Human Rights Advisory Services

Human Rights Advisory Services
Human Rights Advisory Services

K. Annette Harper, Applicant v. Ludlow Technical Products Canada. No 18, 2011.

What kinds of complaints concerning workplace harassment can the OLRB hear?     


 An employee of Ludlow Technical Products Canada filed a complaint with the OLRB under Section 50 of the OHSA. Section 50 reads as follows:

 (1) No employer or person acting on behalf of an employer shall, (a) dismiss or threaten to dismiss a worker; (b) discipline or suspend or threaten to discipline or suspend a worker; (c) impose any penalty upon a worker; or (d) intimidate or coerce a worker, because the worker has acted in compliance with this Act or the regulations or an order made there under has sought the enforcement of this Act or the regulations or has given evidence in a proceeding in respect of the enforcement of this Act or the regulations or in an inquest under the Coroners Act.
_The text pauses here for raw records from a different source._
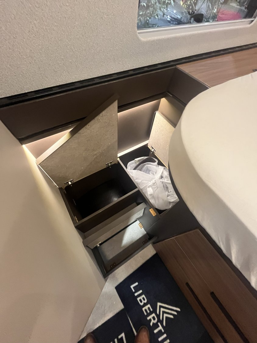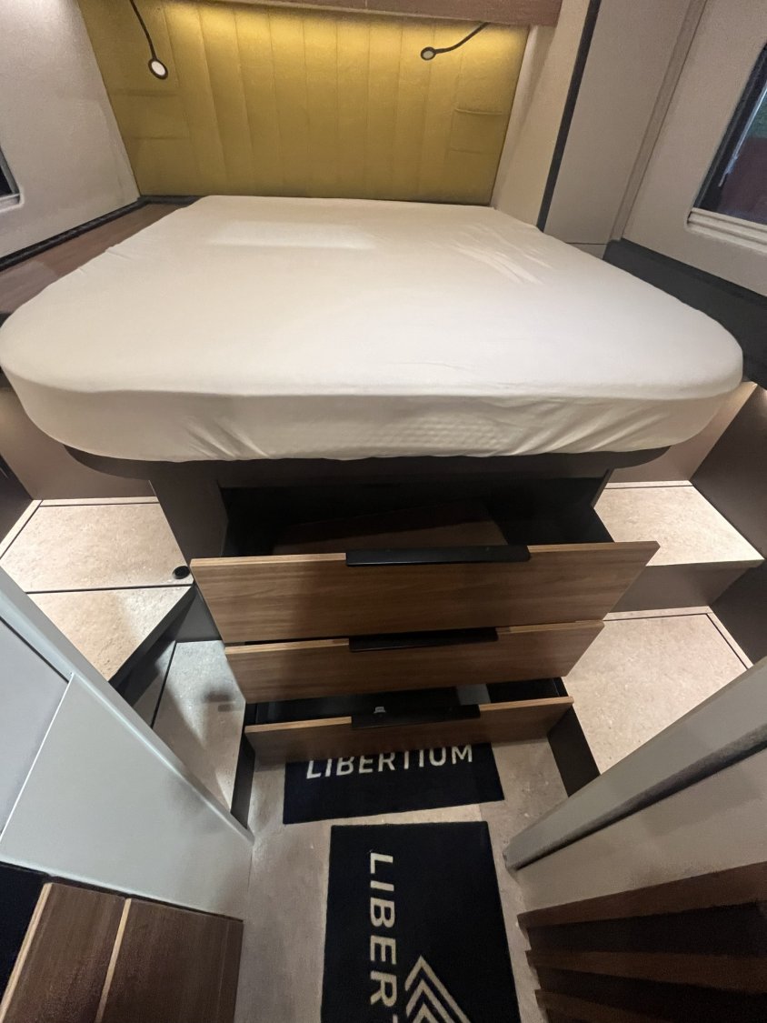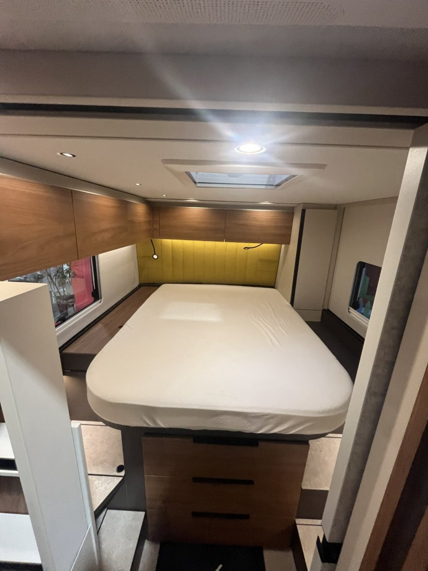 Réservoir diesel 60 L, Rétroviseurs électriques & dégivrants, Rétroviseurs éxtérieurs noir, Sieges cabine pivotants avec rangements sous les sièges, Start & stop, Traction + avec fonction hill descent control, Tête de lit revêtu en tissu, Volant réglable en inclinaison et en hauteur, WC a cassette, Fix & go kit, Habilage des sièges cabine assorti à la cellule, Lit de pavillon électrique, Peinture ext; cabine & cellule SIGNATURE WHITE, Porte gobelets, Portes de placard PINE, Régulateur de vitesse avec limiteur de vitesse, Climatisation manuelle en cabine, Corps de meuble JURA, Douche spacieuse avec étagères rétroéclairées
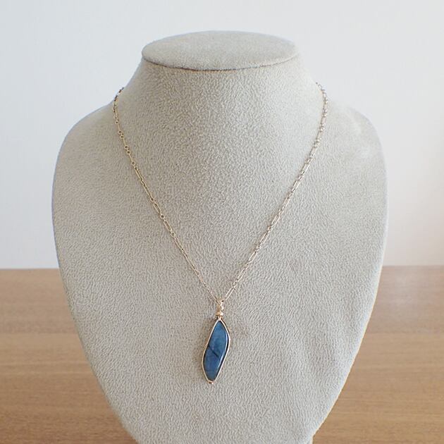 小ぶりなラブラドライトのリーフ型カボションを女神巻き®ペンダントトップにお創りしました。
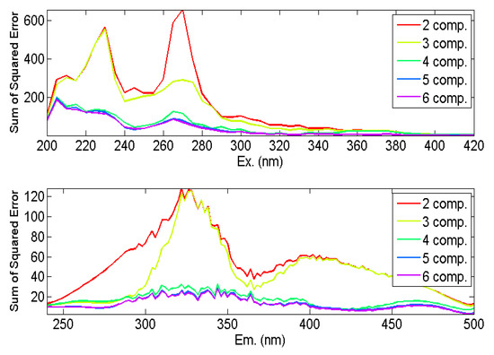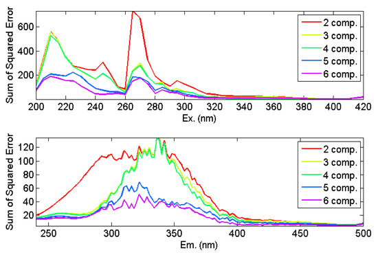 where Xijk is the fluorescence intensity of the ith sample at the kth excitation and jth emission wavelength, F is the number of components, akf are scores proportional to the concentration of the fth fluorescence component in the ith sample, bif and cif are estimates (loadings) of the emission and excitation spectra, respectively, for the fth fluorescence component, and σijk are the residual elements of the model. The values for akf, F, bjf, and cif are obtained by minimizing the sum of squared residuals (σ2ijk).
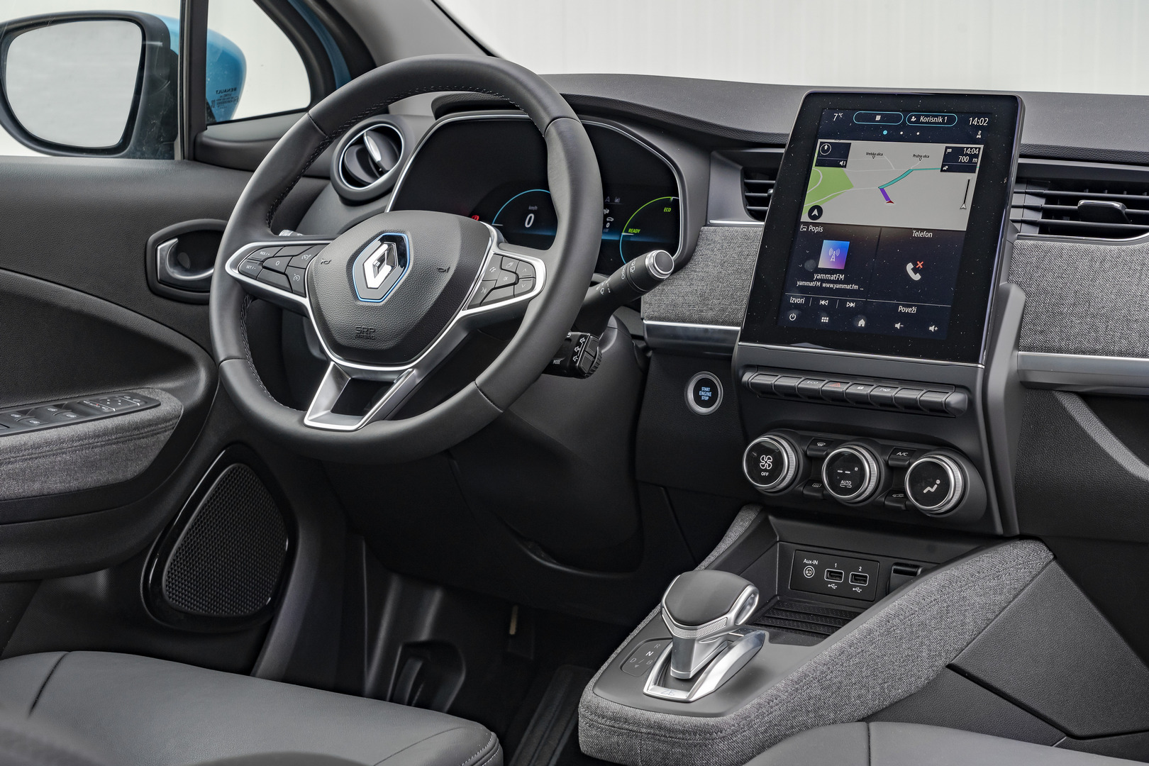 Meki, podatni materijali i mat efekt obnovljene instrumentne plo?e pridonose šarmu i udobnosti unutrašnjosti. Ispod zaslona multimedijskog sustava Renault EASY LINK smjestila se potpuno obnovljena središnja konzola, s tehnološkim inovacijama koje je Renault posebno osmislio za novi ZOE: elektroni?ki upravljiva ru?ica mjenja?a, automatska parkirna ko?nica, indukcijski punja? i dr.
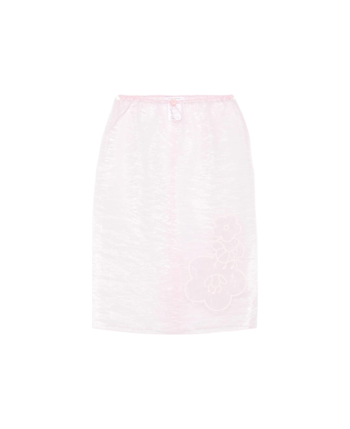 pink semi-sheer construction embroidered floral detail elasticated waistband A-line skirt

 The employee claimed that her employer failed to investigate her workplace harassment complaint and that it failed to comply with its posted harassment policy and the procedure outlined in the Employee handbook.   Since filing her complaint, the employer has refused to file her claims for WSIB and STD.  


  1. Does the OLRB have the jurisdiction to hear this case under Section 50 of the OHSA?
  2. Can the OLRB hear any kind of claim involving workplace harassment under Section 50 of the OHSA?
  3. Is there any forum which has the jurisdiction to hear a case involving the employer’s failure to investigate a complaint of workplace harassment? 


  1. No
  2. Yes
  3. Yes


  1. The worker in this case was not acting in compliance with the OHSA when she filed a harassment complaint because the OHSA does not give workers the right to file such complaints without fear of reprisal (like it does for workplace violence).  Also the worker was not seeking enforcement of the OHSA because nothing in the OHSA imposes a duty upon the employer to create a harassment-free workplace.
  2. The OLRB can hear claims filed by workers who suffered reprisals for complaining about the employer’s failure to create a workplace harassment policy, or about its failure to include specific legislated things in the policy, such as measures and procedures for workers to report incidents of workplace harassment to the employer. 
  3. Disgruntled employees whose employers do not investigate workplace harassment claims have recourse to the courts and to grievances.

NB: The Board member quoted heavily from the Investia case [2011] which had analogous grounds and circumstances, except that the employee in that case had been terminated and was actually found to be the subject (and not the object) of harassment.